Studies have been conducted on improving the feature selection process to enhance intrusion detection approaches. Feature selection is choosing relevant attributes within a dataset that will allow for additional information to be extracted by classifying the datasets based on the selected features. Studies within the relevant literature have focused on improving feature selection as part of developing hybrid approaches to enhance intrusion detection approaches. De la Hoz, De La Hoz, Ortiz, Ortega, and Prieto (2015) suggested using the probability based Self-Organising Maps (SOMs) and using Principle Component Analysis (PCA) and Fisher Discriminant Ratio (FDR) for selecting features. The experiments conducted suggested the proposed feature selection approach applied on the NSL-KDD dataset was precise compared to the results obtained from standard algorithms. Gauthama Raman, Kirthivasan, and Shankar Sriram (2017) focused on Rough Set Theory (RST) to extract additional data from a dataset and proposed Rough Set Hyper-graph (RSHGT) as a solution for extracting an optimised feature subset. Experiments had been conducted on the KDD Cup 99 dataset, the proposed RSHGT was evaluated by applying the selected features on chosen classifiers then comparing the results to other feature extraction techniques using the same chosen classifiers.

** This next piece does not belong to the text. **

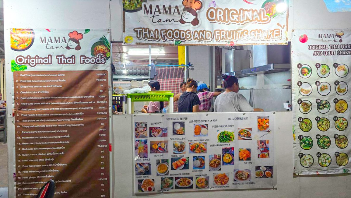 ร้าน MAMA TAHI FOOD อยู่บริเวณหาดทรายรี อันนี้ร้านแนะนำเลยนะ สำหรับอาหารตามสั่งราคาไม่แรง ขับมอไซต์มาจอดหน้าร้านได้เลย ฝรั่งเยอะมาก

Aminanto, Choi, Tanuwidjaja, Yoo, and Kim (2018), identified the optimal feature to detect an impersonator on a Wi-Fi network using machine learning algorithms. The results show by identifying the optimal features the performance of that machine learning algorithms can be enhanced. This suggests selecting the optimal feature for the current study can enhance the performance of the machine learning algorithms. The feature selection process can take place in the pre-processing phase of this study. The study conducted by Soheily-Khah et al. (2018) presented the pre-processing procedure that had been implemented on the ISCX dataset. The processing procedure implemented was developed to convert raw traffic and separate the data into different traffic types (normal and abnormal). That particular study converted the data from nominal to numeric.

The pre-processing phase is a critical process when applying machine learning (Malley et al., 2016). In the pre-processing phase, the datasets are massaged and prepared to be applied to the selected machine learning algorithms. However, there is a combination of steps that can be taken in the pre-processing phase depending on the requirements of this study and the data collected. Within literature, there are variations of the pre-processing phase (Bramer, 2013; García, 2015; Hackeling, 2014). Hence, after considering the combination of possible steps within the pre-processing phase and the requirements of this study, a pre-processing phase was developed for this study (presented in Section 4.2). The pre- processing procedure developed processes, the acquired SSH honeypot datasets to exhibit the sequence of adversary commands for a unique session.

28

The classification and association problems that are solved by the machine learning algorithms, align with the current study. In order to identify the classification and association machine learning algorithms that should be utilised, the four main probability inferences were examined. The Bayesian and frequentist interpretations of probability were selected for this study. The Naïve Bayes and Markov chain probabilistic classification algorithms, that are based on the Bayesian theorem of probability had been chosen. Along with the Apriori and Eclat association rule mining algorithms, that are based on the frequentist theorem of probability, had also been chosen for this study.